Currently, we are evaluating virtual fence technology as a management tool to control grazing behavior and cattle distribution in riparian areas containing critical salmonid habitat. We are also testing the technology on a landscape scale to determine its effectiveness, in coordination with remote sensing technology, to identify target areas to strategically reduce grass fuel loads as an approach to mitigate wildfire risk. The economic importance of this type of research is evident, especially considering the annual cost of fire suppression on federal lands alone has increased from roughly $250 million in 1985 to almost $4 billion today (Figure 2). An additional economic benefit we have noted with the virtual fence system is the reduced labor and time required to locate and move cattle in the large pastures (5,000 to 30,000 acres) common in the West.


This is a communication gateway with limited portability. Photo courtesy of Eastern Oregon Agricultural Research Center, Oregon State University.

What does it cost?

Two of the most frequent questions from livestock and land managers related to the technology are: What equipment is required, and what does it cost? The answers to these questions vary depending on the specific virtual fence company used, existing infrastructure of the individual operation, cost of traditional fencing and management objectives. That said, utilizing a virtual fence system, like all investments, requires determining an operation-specific cost/benefit assessment. As an example of our costs at EOARC, we have been working with a company that requires purchase of at least one communication gateway and renting virtual fence collars. 

A communication gateway costs approximately $10,000, and collars are rented for approximately $50 per collar annually (including a replaceable battery). When purchased, the gateway is set up to be stationary, which limits the system’s flexibility and use in extensive landscapes. Typically, a single gateway can serve from 5,000 to 10,000 acres, depending on terrain. Therefore, at EOARC we designed a system to make the gateways portable by installing them on a small trailer (approximately $2,500), thereby making movement of gateways relatively easy, reducing the number and cost for large operations and improving management flexibility.
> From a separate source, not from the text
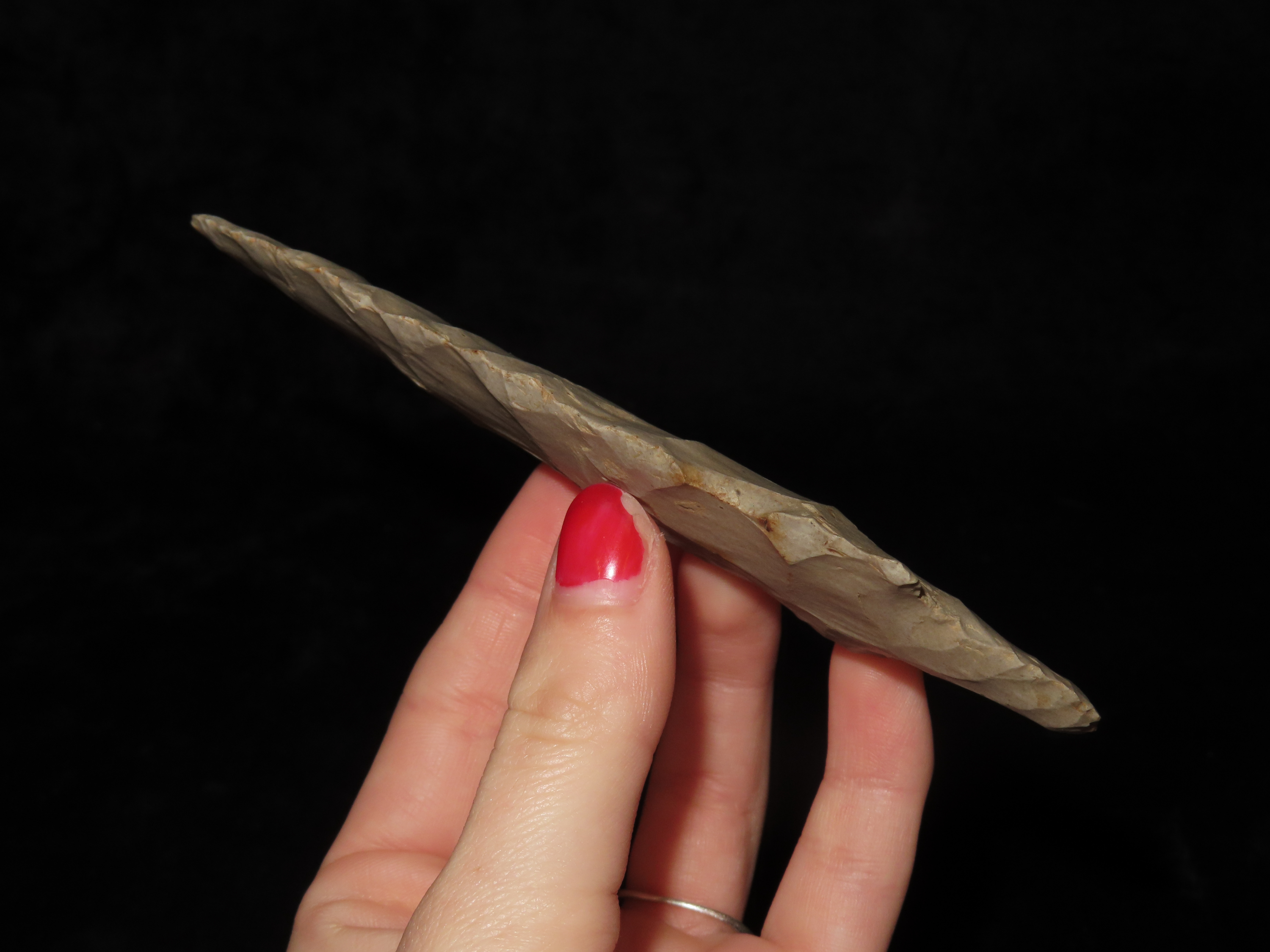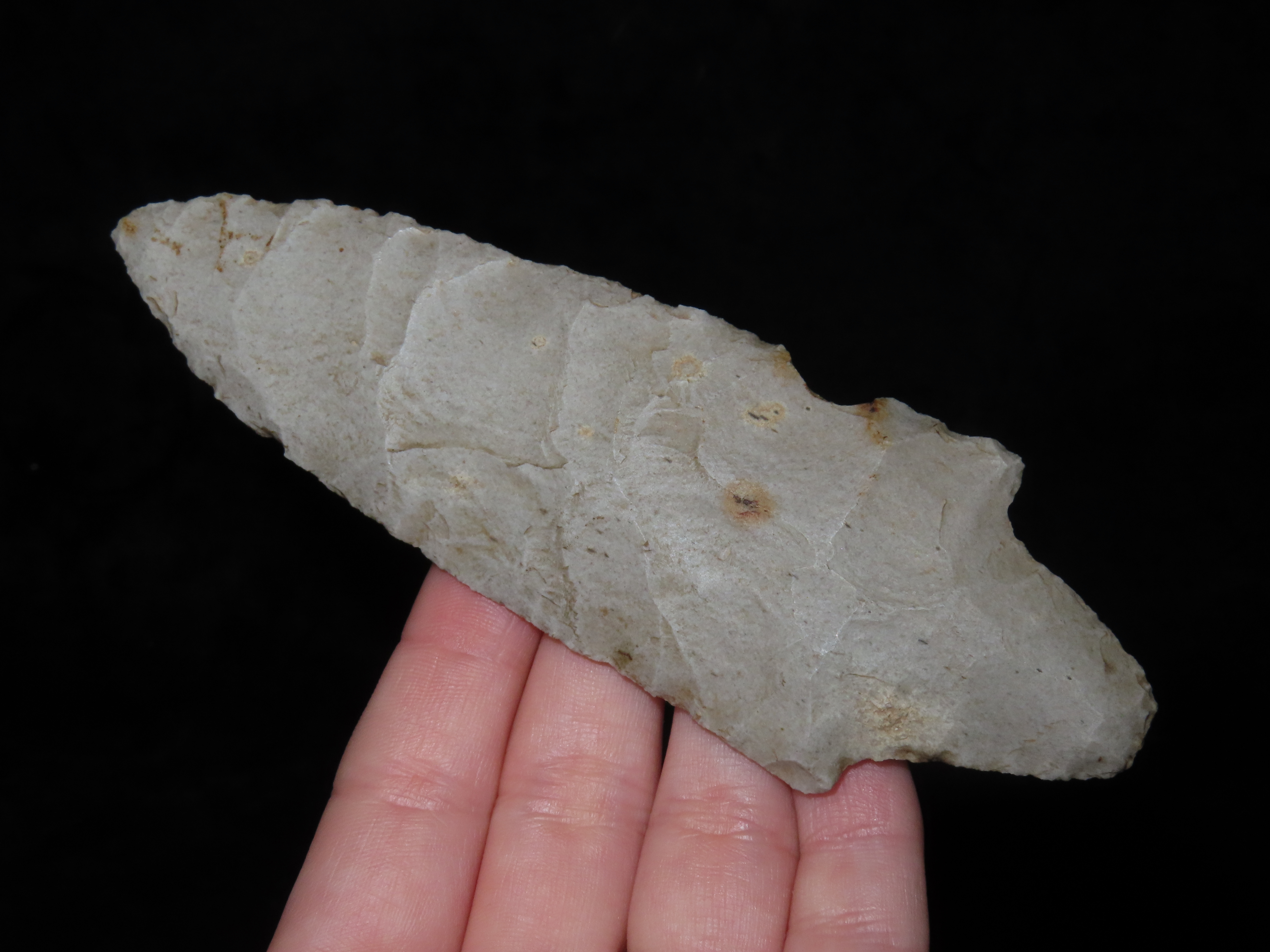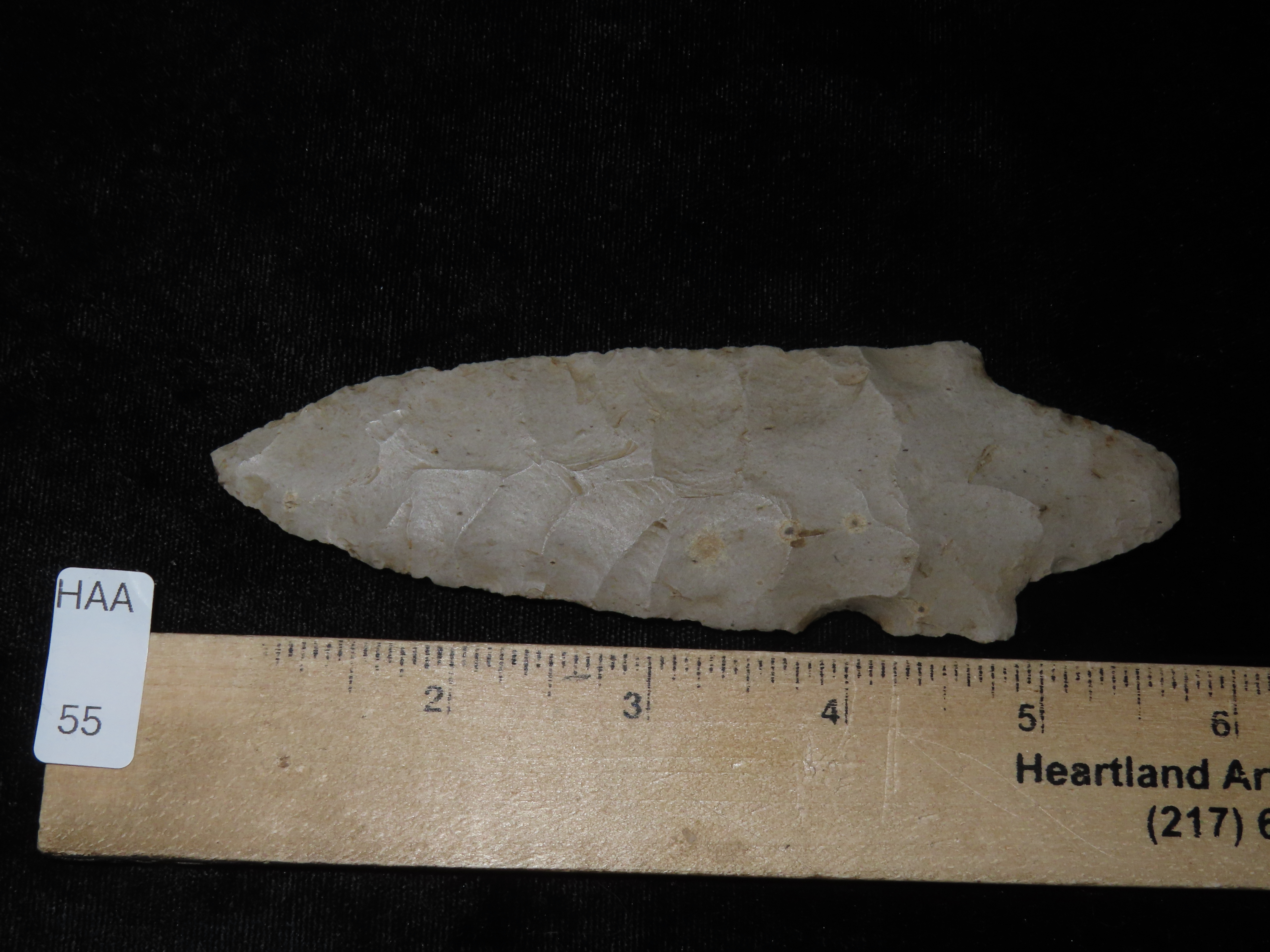 5 1/8″ Cresap Adena / Dickson. Jefferson Co. Kansas. Nice large well flaked example, thin and well patinated.

Just for comparison, in Oregon, building a new traditional fence or replacing a fence destroyed by fire will cost roughly $15,000 to $20,000 per mile, not including annual maintenance.

In the future, given the established and other potential advantages of virtual fence technology for natural resource management, I am hopeful land and livestock managers will have the opportunity to offset the costs of virtual fence technology through credit and funding for ecosystem services (e.g., ecological resiliency, wildlife habitat, water quality, carbon sequestration, recreation and rural economies) and/or eligibility for cost shares, making the technology more economical and accessible for land and cattle managers. Also, as additional virtual fence companies begin marketing their products for commercial use, increased competition may decrease the cost of virtual fence systems.